— Донья Агостино, — запыхавшись, произносит мужчина. У него потное лицо и растрепанные волосы, — у меня страшная новость.
— Quepaso? Что случилось? — спрашивает старая женщина.
Ее руки перестают двигаться. Теперь они просто лежат у меня на животе, пока она ждет продолжения.
— Ваш муж… — говорит мужчина и замолкает. — Потом пробует снова: — Донья Агостина, у меня ужасная новость…
Старуха тянется к стулу у кровати. Ее руки дрожат, но она вцепляется в стул и опускается на него. Я слышу, как учащается ее дыхание, когда она пытается подготовить себя к тому, что сейчас произойдет.

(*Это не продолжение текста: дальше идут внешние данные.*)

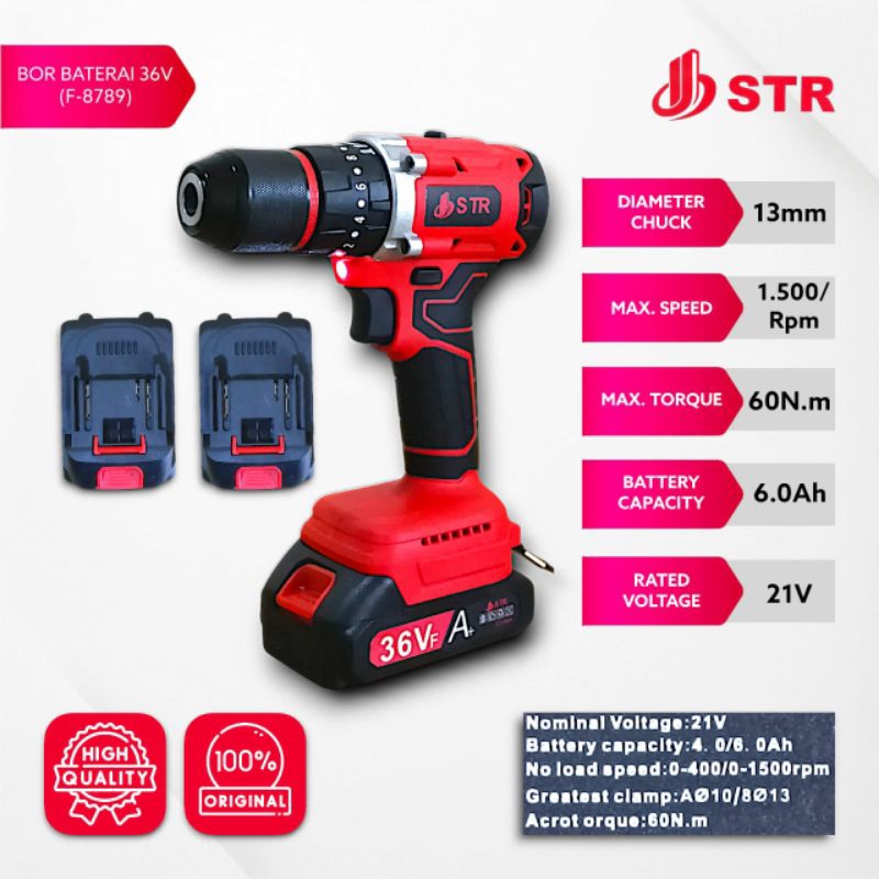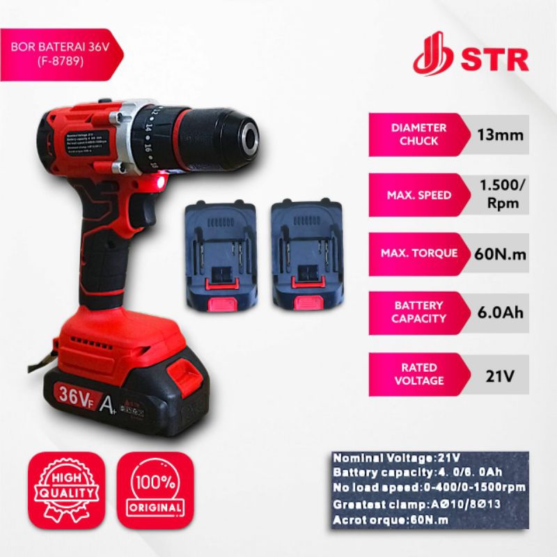NEW!!! STR JIEBANG Mesin Bor Baterai Cordless Impact F-8789 21V 13mm Bor Charge Baterai 21V STR JIEBANG F8789 PROFESSIONAL TOOLS

Может, в каких-то других местах ужасные новости бывают неожиданными. Но только не здесь. Здесь мы ждем их постоянно. И они всегда тут как тут. Вот почему я хватаю донью Агостину за руки — те самые, которые только что приняли нежеланного ребенка, а потом разминали мой опустевший живот. Я держу эти руки, смотрю в усталые старческие глаза, расширившиеся от страха и знания, и не отвожу взгляда.

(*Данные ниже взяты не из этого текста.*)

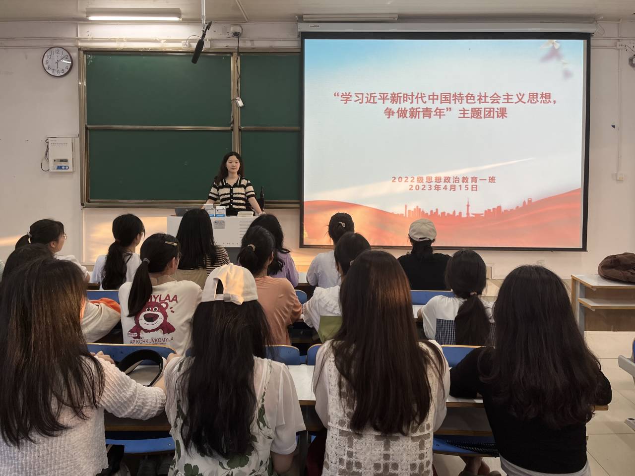 为深入贯彻落实习近平新时代中国特色社会主义思想,加强团支部思想建设,4月15日下午,永利集团官网2022级思想政治教育一班在社科楼514教室召开“学习近平新时代中国特色社会主义思想,争做新青年”主题团课。2022级思想政治教育一班全体同学共同参与本次团课,团课由团支书李佳茹主持。
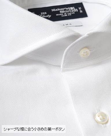 通常針目は3cmに18針以上で高級とされていますが、私たちのシャツは21針で縫い上げられています。また、耐久性に優れた「巻き伏せ本縫い」でシャツを仕立てています。
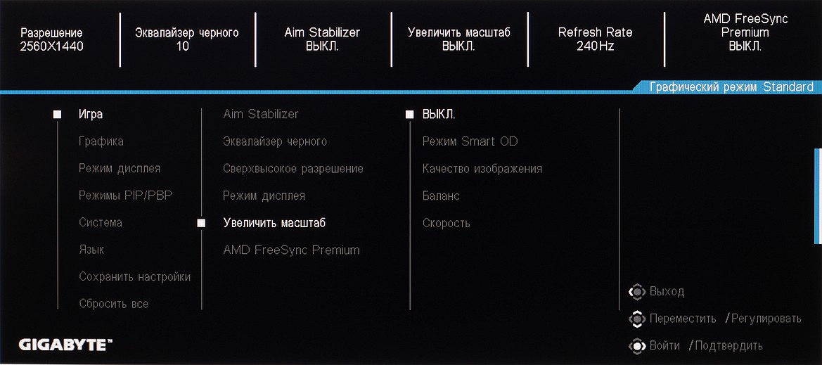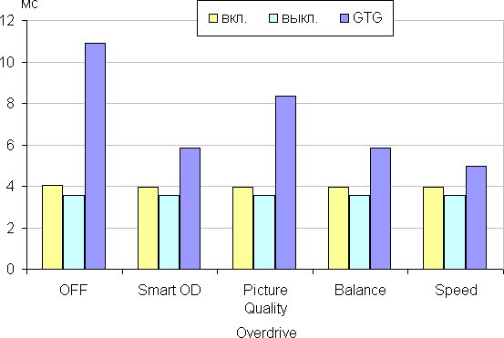 Время отклика зависит от значения настройки Overdrive (ошибочно переведенной как Увеличить масштаб), которая управляет разгоном матрицы. Ступеней регулировки пять. График ниже показывает, как меняется время включения и выключения при переходе черный-белый-черный (столбики «вкл.» и «выкл.»), а также среднее суммарное время для переходов между полутонами (столбики GTG) в случае режима с частотой обновления 240 Гц:

— Его убили, — говорит мужчина. — В лавке. Мне очень жаль. — И повторяет: — Дон Фелисио esta muerto. Он мертв.
Донья Агостина испускает долгий, прерывистый вой. Я крепче сжимаю ее трясущиеся руки. Мама и mua Консуэло бросаются к ней.
Младенец заходится криком.
Пульга
Едва я успеваю спрятать под своей кроватью пакет для мусора с нашей окровавленной одеждой и обувью, как открывается входная дверь. Вот черт! Мы забыли закрыться на деревянный засов.
— Пульга! Чико! — Голос у мамы отчаянный. Она зовет: — Dios! Боже! Да где же вы?! — Это почти крик, исступленный и сдавленный.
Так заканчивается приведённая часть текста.